Housing would include dorm rooms on campus, Vasquez said.

The largest public school system in El Paso, the El Paso Independent School District, are also focused on housing if the border closes.

“We do have a plan in which there are circumstances where students who may live here and go across the border for various reasons,” EPISD spokeswoman Melissa Martinez said. “We also have faculty that go across the border, so we do have an emergency plan in place for any emergency situation in which we have to house or shelter students.”

Trump changing his mind?

The president on Tuesday appeared to scale back his remarks on closing the border, noting that Mexico had apprehended a large number of migrants at its southern border.

But closing the border would punish the United States at least as much as it hurts Mexico, economists say. 

"If there is disruption, it ends up reducing profitability and harming the efficiency of North American manufacturing in general," said Tom Fullerton, a UTEP economics professor and the chair of the Study of Trade in the Americas. "Closing the border would be harmful to the region but also the U.S. manufacturing sector."

Mexico is the United States' third largest trading partner, with more than $611 billion in products and services crossing the border last year, according to the U.S. Commerce Department.

Even a short closure of 24 or 48 hours "would be complete chaos," said Russell, of the international logistics company Tecma.

Even the dinner plate could be affected

At this time of year, Mexico provides almost all of the avocados in the United States, Steve Barnard, president and chief executive of Mission Produce, told Reuters.
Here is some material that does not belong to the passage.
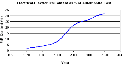 汽車電子和電器設(shè)備以平均每輛車每年超過(guò)110W的速度遞增,最近,過(guò)去由機(jī)械力和液壓力推動(dòng)的系統(tǒng)都改由電力驅(qū)動(dòng),對(duì)電能的大部分需求都源于此。上世紀(jì)80年代出現(xiàn)的防抱死剎車系統(tǒng)(ABS)具有存儲(chǔ)容量大約為8KB電子控制單元;而現(xiàn)代的第五代ABS硬件配備128KB的存儲(chǔ)器,大小僅僅為早期系統(tǒng)的40%。由于設(shè)計(jì)精巧和創(chuàng)新,現(xiàn)代電氣/電子系統(tǒng)對(duì)功率的要求通常比最初推出的系統(tǒng)要小。

Mexico accounts for almost 80 percent of the total avocado business in the U.S., according to the Avocados from Mexico website. And according to the website, Mexican avocados are the only ones available 365 days a year.

Jame Mata, president of Mata's Produce Inc. in El Paso, said avocado is a popular commodity in the Sun City.

"We sell a lot of avocado," he said. "Right now we are ordering about 80 to 100 cases of avocados a week."

Each case has 84 avocados, so his store is moving 6,800 avocados per week.

"I have no idea what people would use if if they couldn't put avocado in their shrimp cocktails or guacamole," he said.

Mexican restaurants in El Paso and elsewhere would especially struggle without the widely used ingredient and garnish.

Maria Tarango, manager of Flautas Y Paleteria Tepalca in West El Paso, didn't even want to consider running out of avocados.

"It's a necessity here," she said. "We use it in the flautas, in the tortas and quesadillas, and of course in the guacamole, when we serve salsas on the tables.

"We order about 50 boxes of avocados per week on the low end," she said. "And each box has about 38 to 42 avocados. The effect would be drastic."

El Paso even has a restaurant named after the fruit — The Avocado Cafe, near Interstate 10.

Owner Greg Pugh puts a full avocado on the side of every sandwich, and he recently invented a new smoothie made of avocado, almond milk and coconut.

"People have been talking about it all morning," Pugh said Monday of the possible avocado crisis, adding that the news stories might have given people even more of a hankering for his sandwiches. He only had one avocado left before closing time at 4 p.m.